Archive for October 20th, 2008

Monday mornings shouldn’t exist.

I don’t know if it’s left-over anxiety from the visit to the in-laws, but I am just not feeling right today.  I feel like I’m forgetting something big.  I can’t think of a thing, but it’s still gnawing at the front of my brain like a groundhog gnawing on a cable wire.  (Don’t laugh – been there, done that and the cable company expects you to pay!) I suppose I should just get on with my day and hope the feeling either ends or I figure out what it is that I am missing, exactly.

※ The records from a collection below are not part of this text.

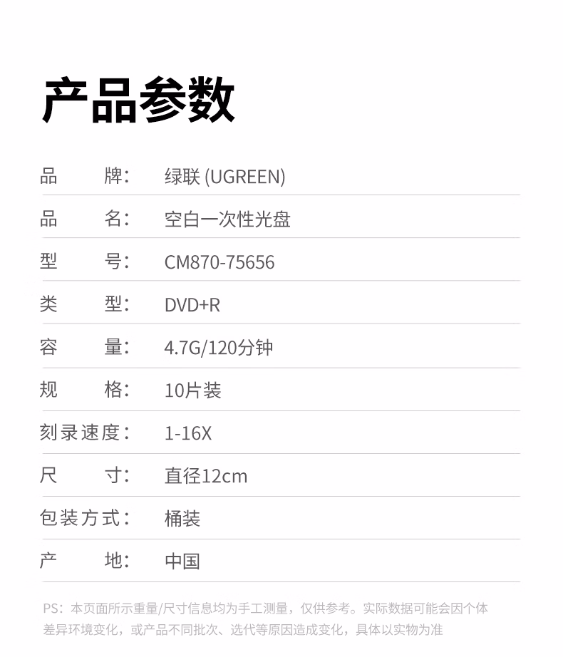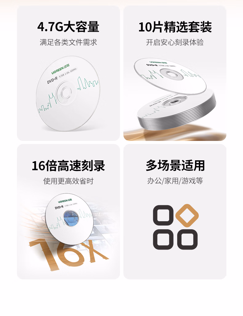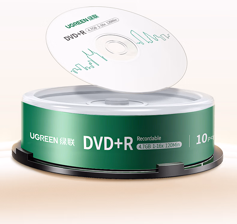 包装清单  :   绿联DVD+R空白光盘10片装 16倍速4.7G大容量 高速碟片 电脑读取刻录存储办公文件数据视频音乐75655
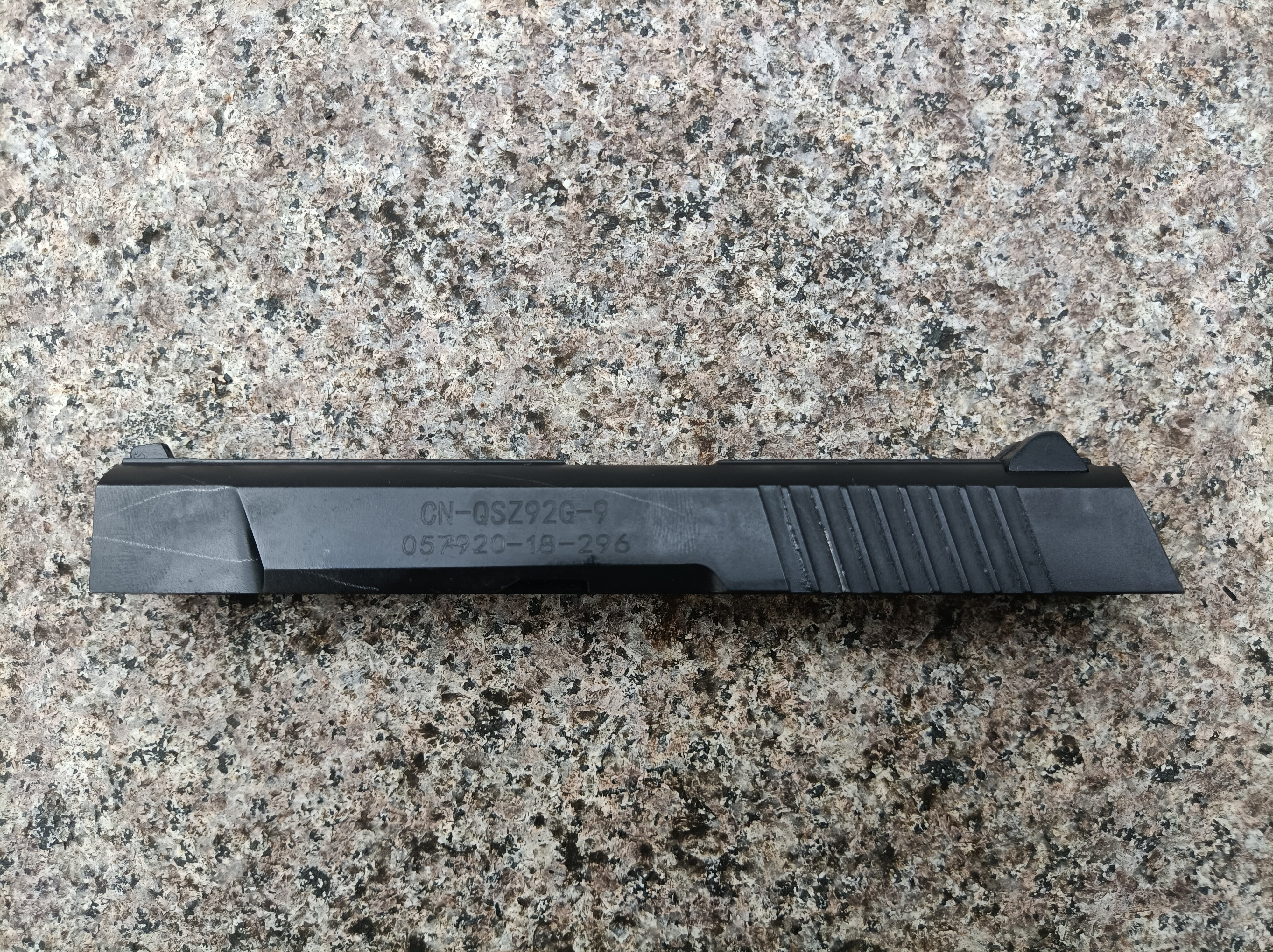 套筒(枪机)左侧:国家代码(CN)、产品代码(QSZ92G-9)、枪号(由六位数字组成)、生产年份(18)、工厂代号(296)
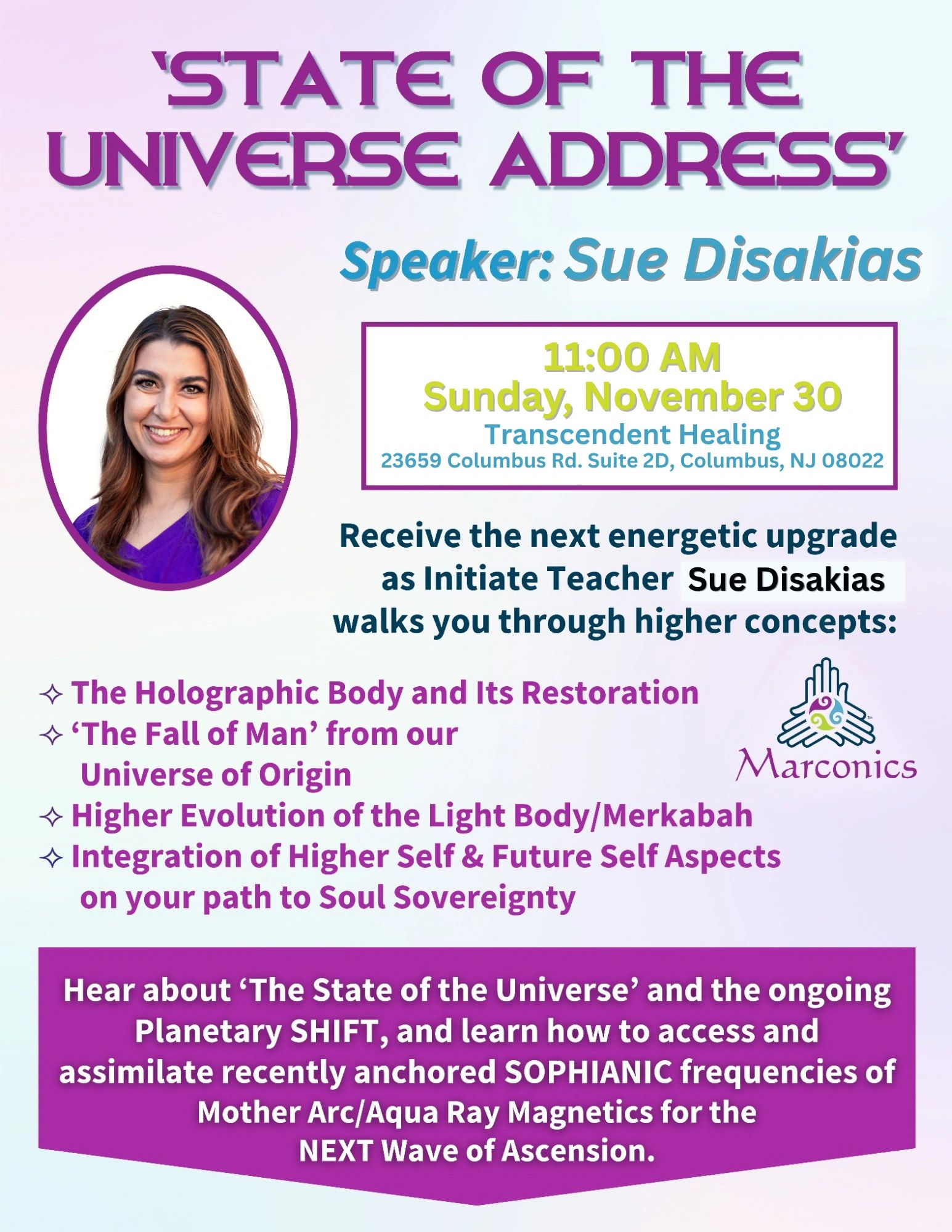 Are you ready for the next wave of Ascension? Ascension out of 3D is over! Ascension into 5D is halfway through, and ascension into 7D is just beginning! Receive the next ‘Ascension Upgrade’ as Marconics Initiate Teacher Sue Disakias explains how Marconics RECALIBRATES the physical body for the assimilation of higher dimensional realities and how the subtle bodies heal in synthesis. Join us here: Marconics
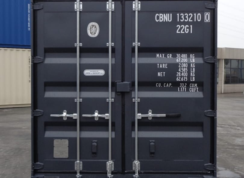 El contenedor está equipado con dos puertas robustas que se abren hacia el exterior por un solo lado, con un sistema de cierre resistente que incluye 4 pestillos verticales. Las puertas se abren hasta 270 grados.

The kiddo was not happy about going to school this AM.  He wanted to stay home because he’s going to miss me so much.  Poor thing.  I had terrible separation anxiety when I was in kindergarten.  I hated going to school.  I hated my teacher (in all fairness — she was an evil wench and people now know who you are talking about, nodding their heads solemnly in agreement, when you mention the school and your horrible kindergarten teacher) and made such a fuss about going.  Many tearful mornings, which ultimately were curbed by being “special” and having breakfast every morning at school with the vice principal.  Wonder what ever happened to him.  Nice man.

I’ve got some cleaning to do today, not that I want to.  The house is starting to get cluttered beyond recognition.  Too much darn stuff, yet, I can’t bare to part with it.  Even stuff I haven’t looked at in years — just not willing to toss it.  I really should.  And I know I should.  Just can’t get my brain to tell my hands to do it. ;)

And on that note, I really should get a move on.  The longer I sit here, the more things I think of to look up, check out or browse.  Heh.  Wonder what life would be like if there were no internet.